Paper
in
Workshop: 8th Multimodal Learning and Applications Workshop
Transformer-Based Lung Infection Severity Prediction with Cross Attention and Conditional TransMix Augmentation
Bouthaina Slika · Fadi Dornaika · Fares Bougourzi · Karim Hammoudi
Lung infections, particularly pneumonia, pose significant health risks and can rapidly worsen, especially during pandemics. Developing advanced AI-driven tools for severity prediction based on medical imaging is essential for timely decision-making and treatment, ultimately saving lives. In this study, we introduce a novel approach applicable to multiple medical imaging modalities, including CT scans and chest X-rays, for predicting lung infection severity.
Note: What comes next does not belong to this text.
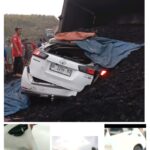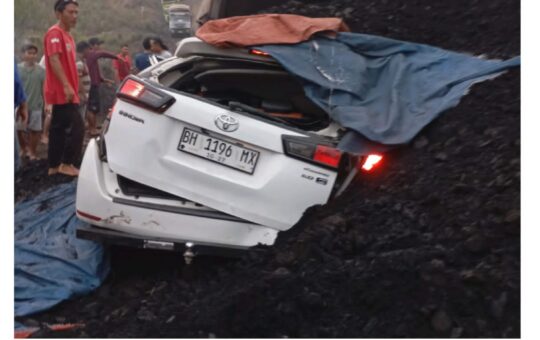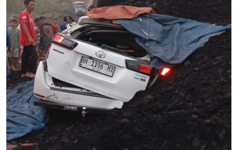 *DUA TEWAS, EMPAT LUKA AKIBAT TRUK BATU BARA TERGULING TIMPA MOBIL DI MUSI BANYUASIN*
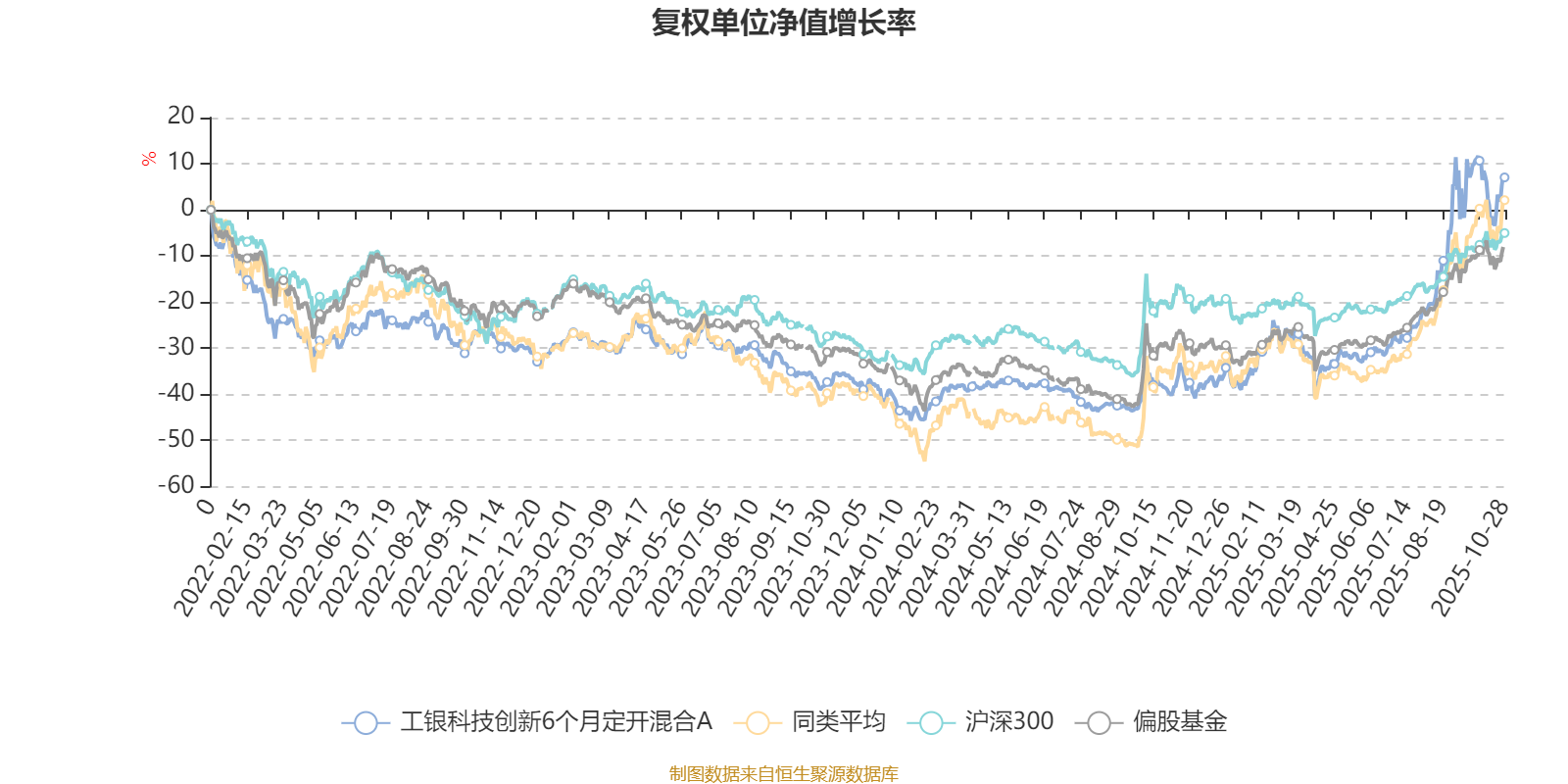 截至10月28日,工银科技创新6个月定开混合A近三个月复权单位净值增长率为39.39%,位于同类可比基金101/229;近半年复权单位净值增长率为59.55%,位于同类可比基金97/229;近一年复权单位净值增长率为74.42%,位于同类可比基金47/213;近三年复权单位净值增长率为47.13%,位于同类可比基金81/158。

Our method consists of two key components: a Transformer-based severity prediction model, and an augmentation strategy called Conditional Online TransMix, designed to address data imbalance. The proposed model employs parallel encoders, integrating Pyramid Vision Transformers (PVTs) with a cross-gated attention mechanism and a feature aggregation module to generate a scalar severity score. To enhance model generalization across datasets, we introduce a tailored augmentation technique that synthesizes new mixed severity scores linked to image patches. We validate our approach using the RALO CXR and Per-COVID-19 CT datasets, demonstrating superior performance on multi-image modalities compared to several state-of-the-art deep learning models. By incorporating a customized weighted loss function, our method enhances the precision of automated lung disease severity assessment, providing a reliable and adaptable AI tool for clinical diagnosis and treatment planning.